**Problem to work on**
In your answer, set down the records below exactly as they stand, omitting pictures.

**Records supplied**
┌──

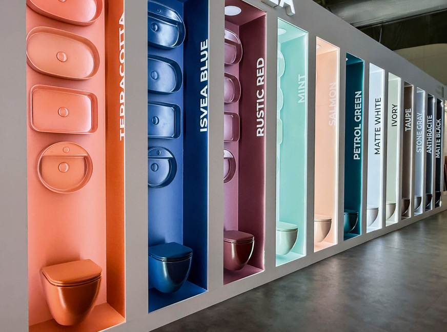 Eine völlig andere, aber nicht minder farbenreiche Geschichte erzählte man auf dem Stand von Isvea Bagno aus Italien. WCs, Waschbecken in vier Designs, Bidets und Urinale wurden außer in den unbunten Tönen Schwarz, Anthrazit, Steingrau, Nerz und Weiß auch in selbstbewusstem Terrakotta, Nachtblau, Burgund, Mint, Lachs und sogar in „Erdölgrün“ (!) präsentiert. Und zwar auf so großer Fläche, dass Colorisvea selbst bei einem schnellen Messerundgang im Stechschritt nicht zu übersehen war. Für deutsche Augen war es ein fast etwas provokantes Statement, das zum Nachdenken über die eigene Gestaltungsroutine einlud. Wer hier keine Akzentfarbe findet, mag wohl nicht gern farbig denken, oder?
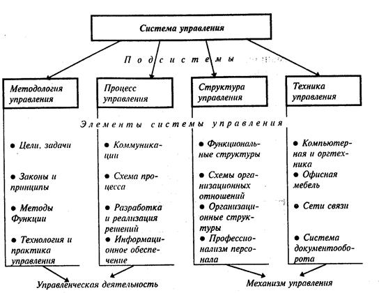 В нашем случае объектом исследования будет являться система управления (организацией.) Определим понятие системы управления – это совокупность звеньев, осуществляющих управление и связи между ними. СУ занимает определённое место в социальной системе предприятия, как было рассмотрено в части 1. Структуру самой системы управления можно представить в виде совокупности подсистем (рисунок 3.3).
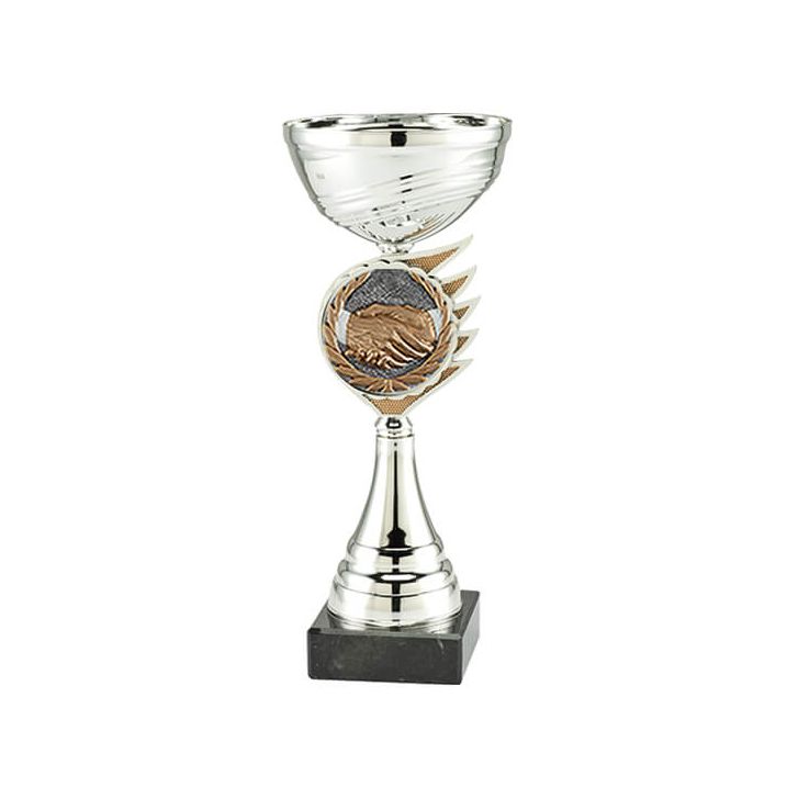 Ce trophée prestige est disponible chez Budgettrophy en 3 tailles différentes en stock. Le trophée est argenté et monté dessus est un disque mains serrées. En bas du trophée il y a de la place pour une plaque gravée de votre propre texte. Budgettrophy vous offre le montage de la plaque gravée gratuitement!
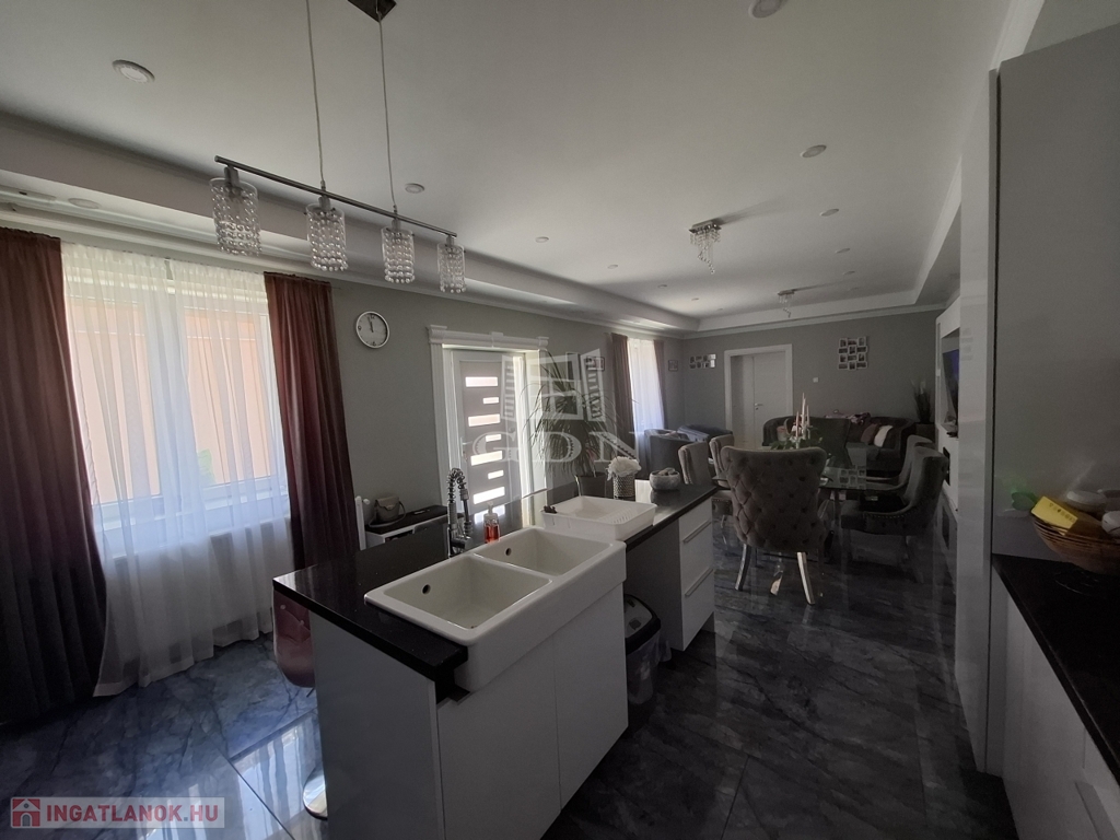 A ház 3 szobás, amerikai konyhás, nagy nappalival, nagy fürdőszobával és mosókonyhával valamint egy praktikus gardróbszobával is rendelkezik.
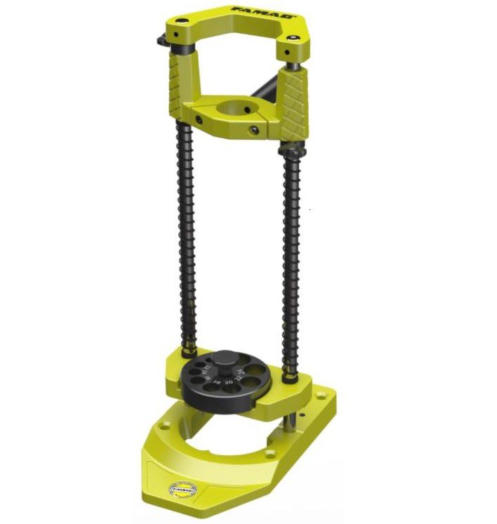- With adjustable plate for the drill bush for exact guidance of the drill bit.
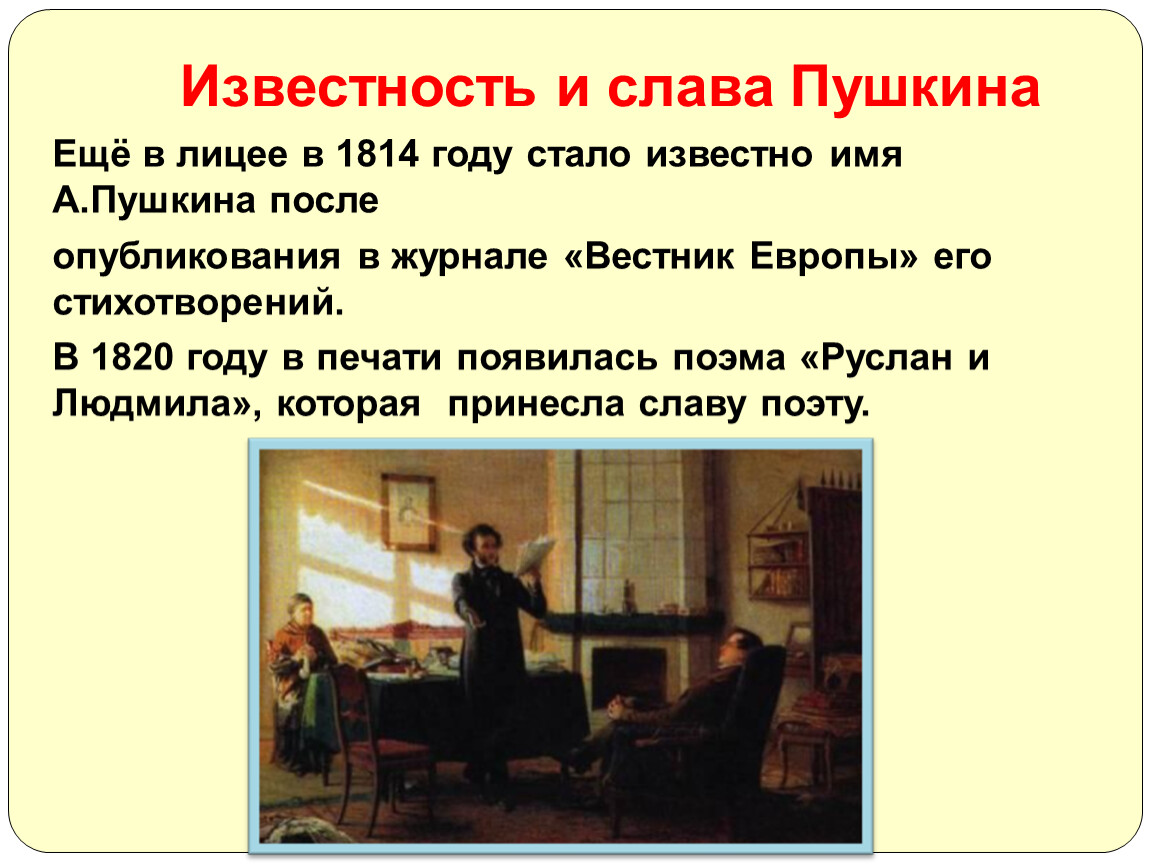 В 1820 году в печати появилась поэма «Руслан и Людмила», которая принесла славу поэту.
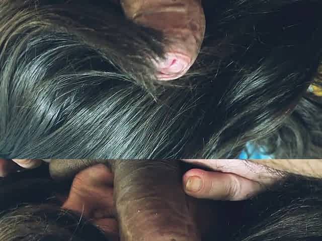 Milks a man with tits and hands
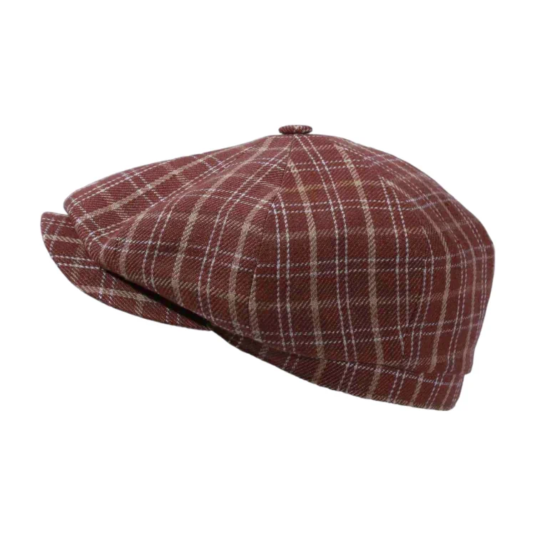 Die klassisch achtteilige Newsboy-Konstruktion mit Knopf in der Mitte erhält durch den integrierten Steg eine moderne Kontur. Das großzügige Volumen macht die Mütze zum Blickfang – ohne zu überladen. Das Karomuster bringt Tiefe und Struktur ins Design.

└──

**Answer space**
 Eine völlig andere, aber nicht minder farbenreiche Geschichte erzählte man auf dem Stand von Isvea Bagno aus Italien. WCs, Waschbecken in vier Designs, Bidets und Urinale wurden außer in den unbunten Tönen Schwarz, Anthrazit, Steingrau, Nerz und Weiß auch in selbstbewusstem Terrakotta, Nachtblau, Burgund, Mint, Lachs und sogar in „Erdölgrün“ (!) präsentiert. Und zwar auf so großer Fläche, dass Colorisvea selbst bei einem schnellen Messerundgang im Stechschritt nicht zu übersehen war. Für deutsche Augen war es ein fast etwas provokantes Statement, das zum Nachdenken über die eigene Gestaltungsroutine einlud. Wer hier keine Akzentfarbe findet, mag wohl nicht gern farbig denken, oder?
 В нашем случае объектом исследования будет являться система управления (организацией.) Определим понятие системы управления – это совокупность звеньев, осуществляющих управление и связи между ними. СУ занимает определённое место в социальной системе предприятия, как было рассмотрено в части 1. Структуру самой системы управления можно представить в виде совокупности подсистем (рисунок 3.3).
 Ce trophée prestige est disponible chez Budgettrophy en 3 tailles différentes en stock. Le trophée est argenté et monté dessus est un disque mains serrées. En bas du trophée il y a de la place pour une plaque gravée de votre propre texte. Budgettrophy vous offre le montage de la plaque gravée gratuitement!
 A ház 3 szobás, amerikai konyhás, nagy nappalival, nagy fürdőszobával és mosókonyhával valamint egy praktikus gardróbszobával is rendelkezik.
- With adjustable plate for the drill bush for exact guidance of the drill bit.
 В 1820 году в печати появилась поэма «Руслан и Людмила», которая принесла славу поэту.
 Milks a man with tits and hands
 Die klassisch achtteilige Newsboy-Konstruktion mit Knopf in der Mitte erhält durch den integrierten Steg eine moderne Kontur. Das großzügige Volumen macht die Mütze zum Blickfang – ohne zu überladen. Das Karomuster bringt Tiefe und Struktur ins Design.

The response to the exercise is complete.